It’s not that the TIFF is unrealistically large; it’s the opposite: The raw file is unrealistically small.
If you do the math for the file size of a generic image (from any source, or any application), you can work out how big it will be:
Number of pixels tall
𝗑
Number of pixels wide
𝗑
Number of bits per pixel
𝗑
Number of channels
𝗑
Number of layers
+
metadata, composite preview, and so on.
If you do all that math, you will come up with a file size roughly equal to an uncompressed TIFF. That is the natural size of an image.
The raw file is unnaturally small, because it is only one monochrome channel at a certain number of bits per pixel. No layers, masks, etc. But you cannot view, edit, or print it, because raw data must first be demosaiced into RGB for any of that to be possible. It must become non-raw. That’s where the trouble starts: You see the nice small raw file, but to take it into a form that will let you do something with it, it cannot stay at that size. It must become larger.
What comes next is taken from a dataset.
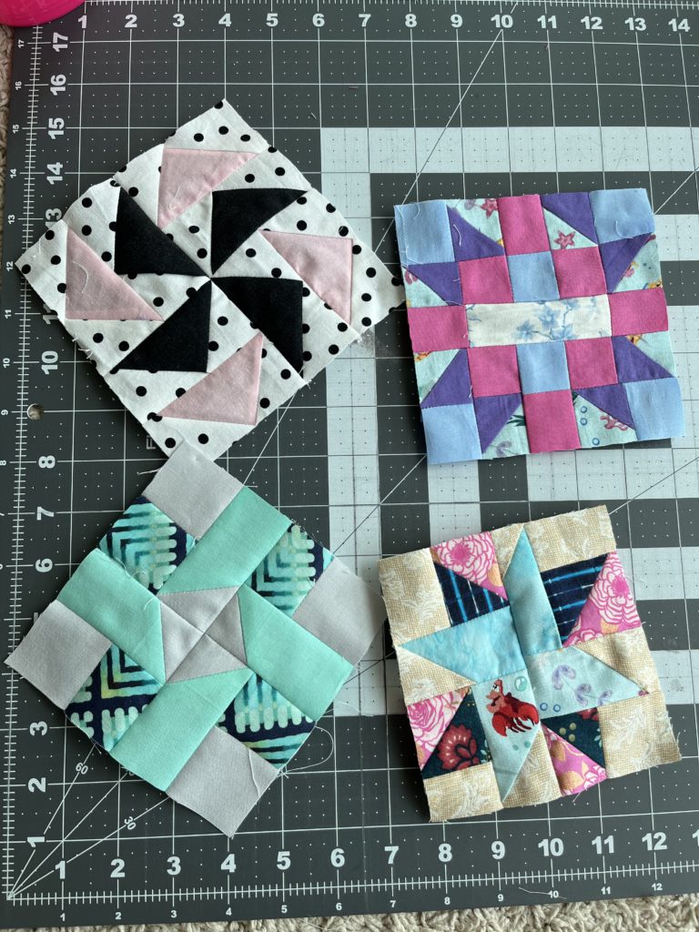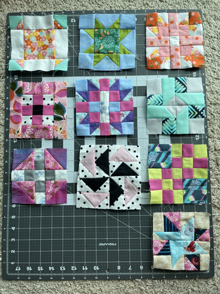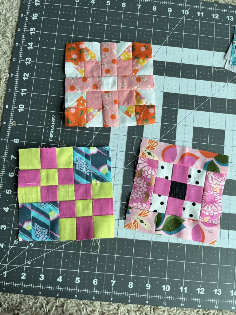 ….which turned into making mini blocks. Funny how having no real plan and having limited materials can get your creative juices flowing. I’m working through the book “Twenty to Stitch Mini Quilt Blocks” by Carolyn Forster. Each block finishes at 5″ square.

You open the raw file in Photoshop, which converts it to RGB. Now you have three channels instead of one, resulting in a roughly 3x increase in file size. Maybe your camera shoots at 14 bits per pixel, but you opened it into a 16 bits per pixel Photoshop file so file size goes up some more due to that.
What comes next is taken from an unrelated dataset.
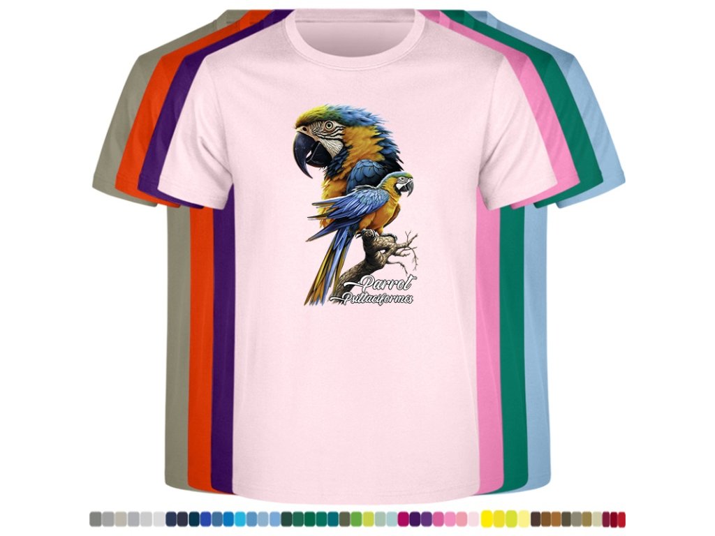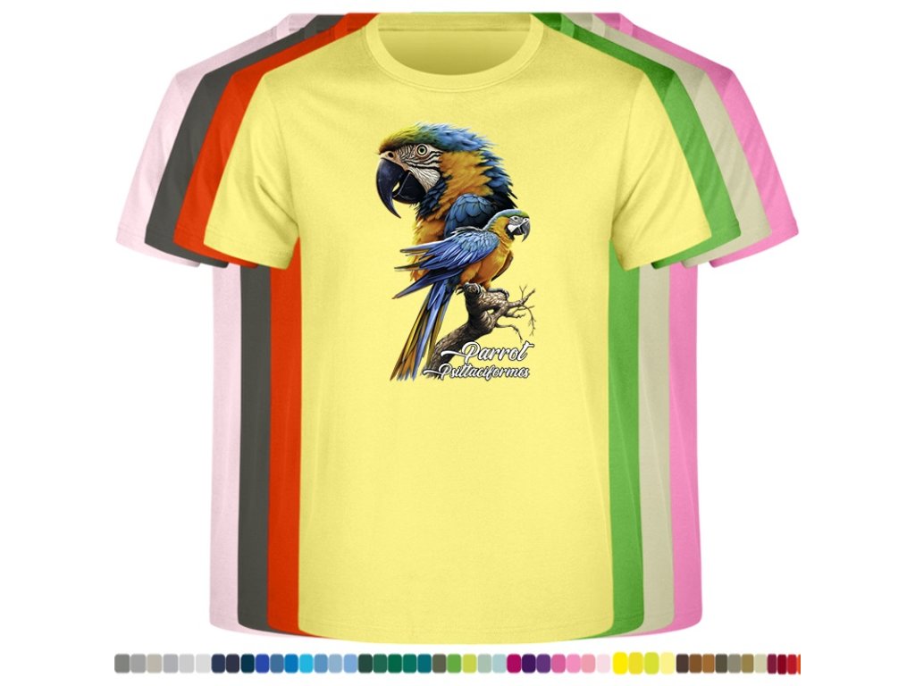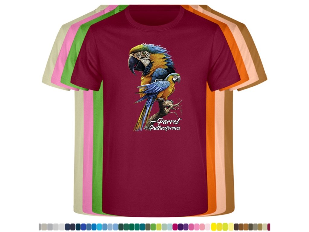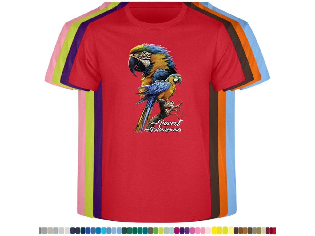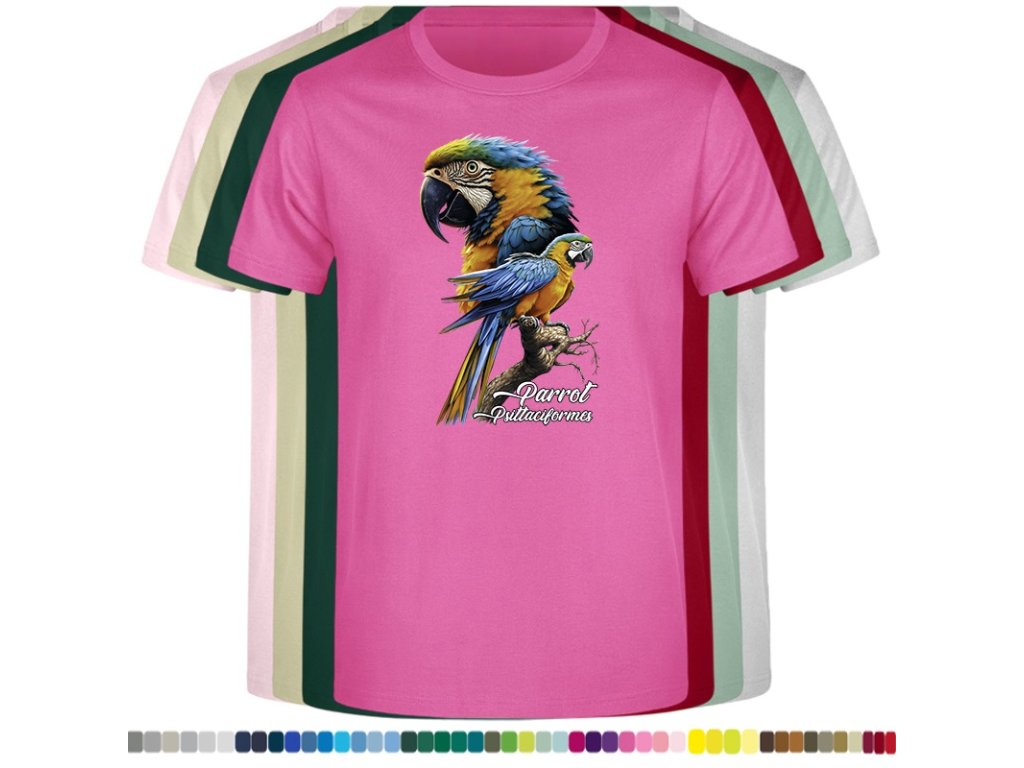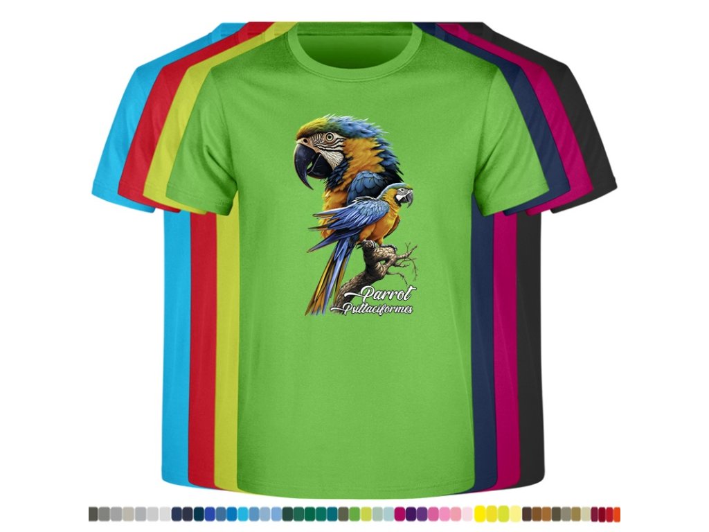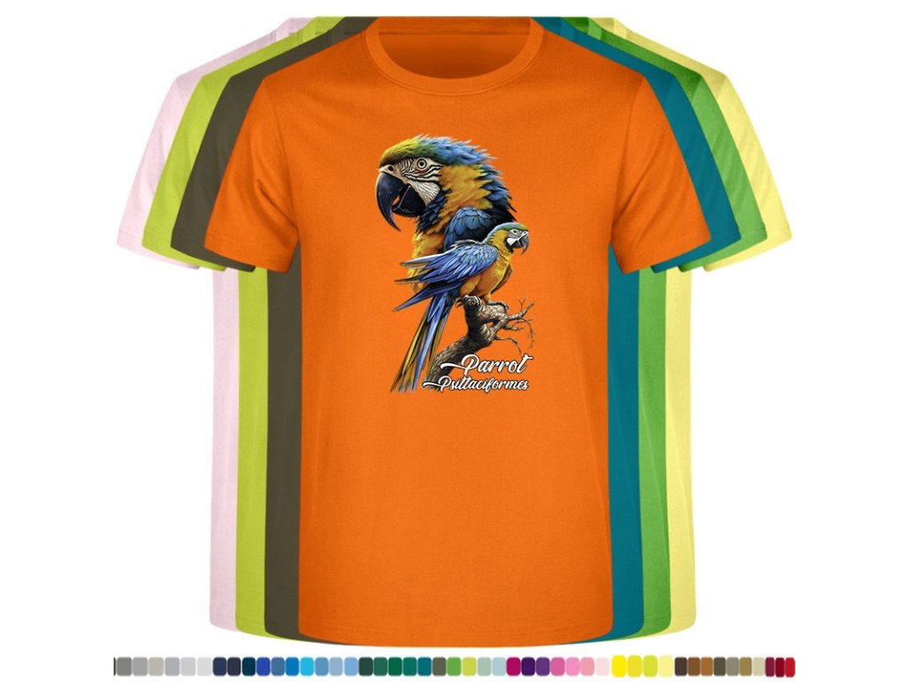 DĚTSKÉ LEVNÉ BAVLNĚNÉ TRIČKO S DIGITÁLNÍM POTISKEM PAPOUŠEK MODROORANŽOVÝ

Then you add one layer, so that immediately doubles the file size. Then you add more layers, masks, channels, Smart Objects… You can see how it happens. The file size only goes up from there.
If you want smaller TIFF files, something has to give. Reducing these make the most difference:
- Pixel dimensions (width vs height)
- Bit depth
- Number of layers
We can be surprised by the size of today’s RGB images because for many years we all worked with 7-ish megapixel images (3000 𝗑 2400 pixels, like a typical scan that would print 8 x 10 inches at 300 ppi), at 8 bits per pixel. Today we could be opening images that are 42 or more megapixels at 16 bits per pixel: 6 or more times the pixel dimensions per side, at double the bit depth! That is a tremendous increase in the data we are capturing and editing, so the resulting PSD/TIFF files have gotten gargantuan…especially after piling on layers, masks, and more on top of that.
In a single-layer document, the file size will be smaller if the one layer is a Background layer instead of a layer that supports transparency (e.g. “Layer 1”). The file size of a layered document will be smaller if the Maximize PSD and PSB File Compatibility option is disabled (in Preferences > File Handling), because that embeds one more image that is a composite preview of all the layers.